Dataset content:
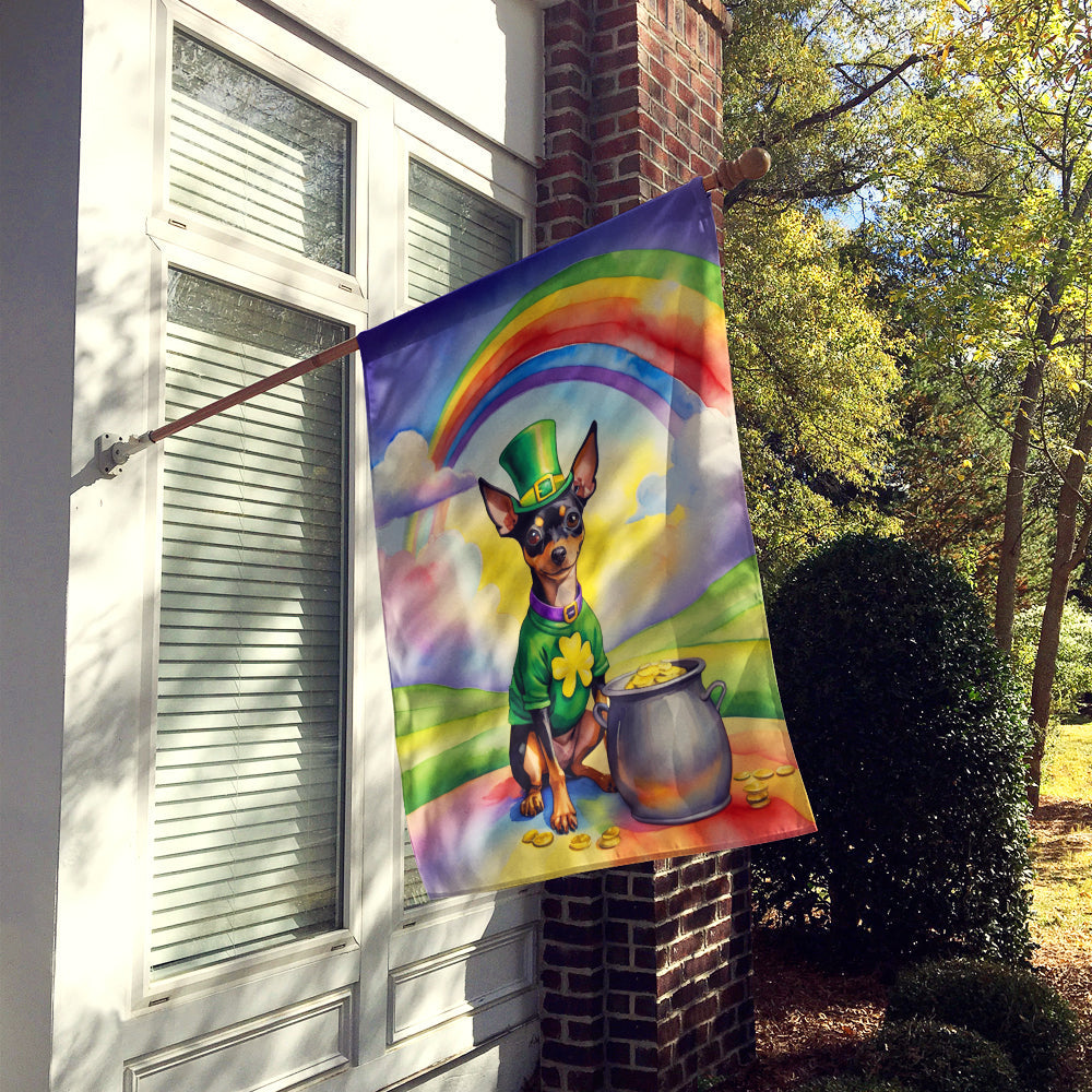 Decorate your space with our St Patrick's Day Miniature Pinscher artwork on a Large Flag. Presenting our Heavy Duty Polyester House Size Decorative Sleeve Pole Flag, a vibrant addition to enhance the aesthetic appeal of your home. This large decorative flag, measuring approximately 28 x 40 inches, offers ample coverage and visibility. Each flag is meticulously sewn and made individually, ensuring a unique piece that may slightly vary in size. It's a sleeve pole flag, designed to fit a standard decorative flag pole effortlessly. Please note that the flag pole and bracket are not included and should be purchased separately. What sets our flag apart is its dual-sided print. The design is mirrored on both sides of the fabric, allowing for uniform visibility regardless of the angle. Printed in full color, our flag showcases vibrant hues that truly stand out. To ensure lasting vibrancy and durability, the dyes are heat-set into the fabric. This ensures your flag remains bright and captivating through various weather conditions. Elevate the look of your home with our Heavy Duty Polyester House Size Decorative Sleeve Pole Flag!
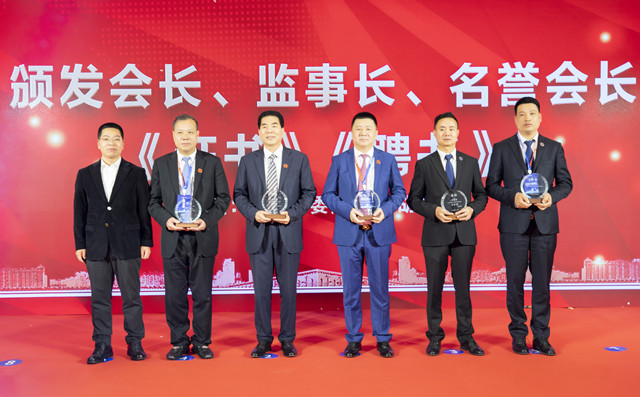 新当选的瑞安市侨商协会会长董邦云(左四)等上台领证
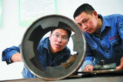 张义铁(左)和同事在一起研究创新课题。

Task to complete:
The whole listing above should be restated word for word, minus any images.

Task solution:
 Decorate your space with our St Patrick's Day Miniature Pinscher artwork on a Large Flag. Presenting our Heavy Duty Polyester House Size Decorative Sleeve Pole Flag, a vibrant addition to enhance the aesthetic appeal of your home. This large decorative flag, measuring approximately 28 x 40 inches, offers ample coverage and visibility. Each flag is meticulously sewn and made individually, ensuring a unique piece that may slightly vary in size. It's a sleeve pole flag, designed to fit a standard decorative flag pole effortlessly. Please note that the flag pole and bracket are not included and should be purchased separately. What sets our flag apart is its dual-sided print. The design is mirrored on both sides of the fabric, allowing for uniform visibility regardless of the angle. Printed in full color, our flag showcases vibrant hues that truly stand out. To ensure lasting vibrancy and durability, the dyes are heat-set into the fabric. This ensures your flag remains bright and captivating through various weather conditions. Elevate the look of your home with our Heavy Duty Polyester House Size Decorative Sleeve Pole Flag!
 新当选的瑞安市侨商协会会长董邦云(左四)等上台领证
 张义铁(左)和同事在一起研究创新课题。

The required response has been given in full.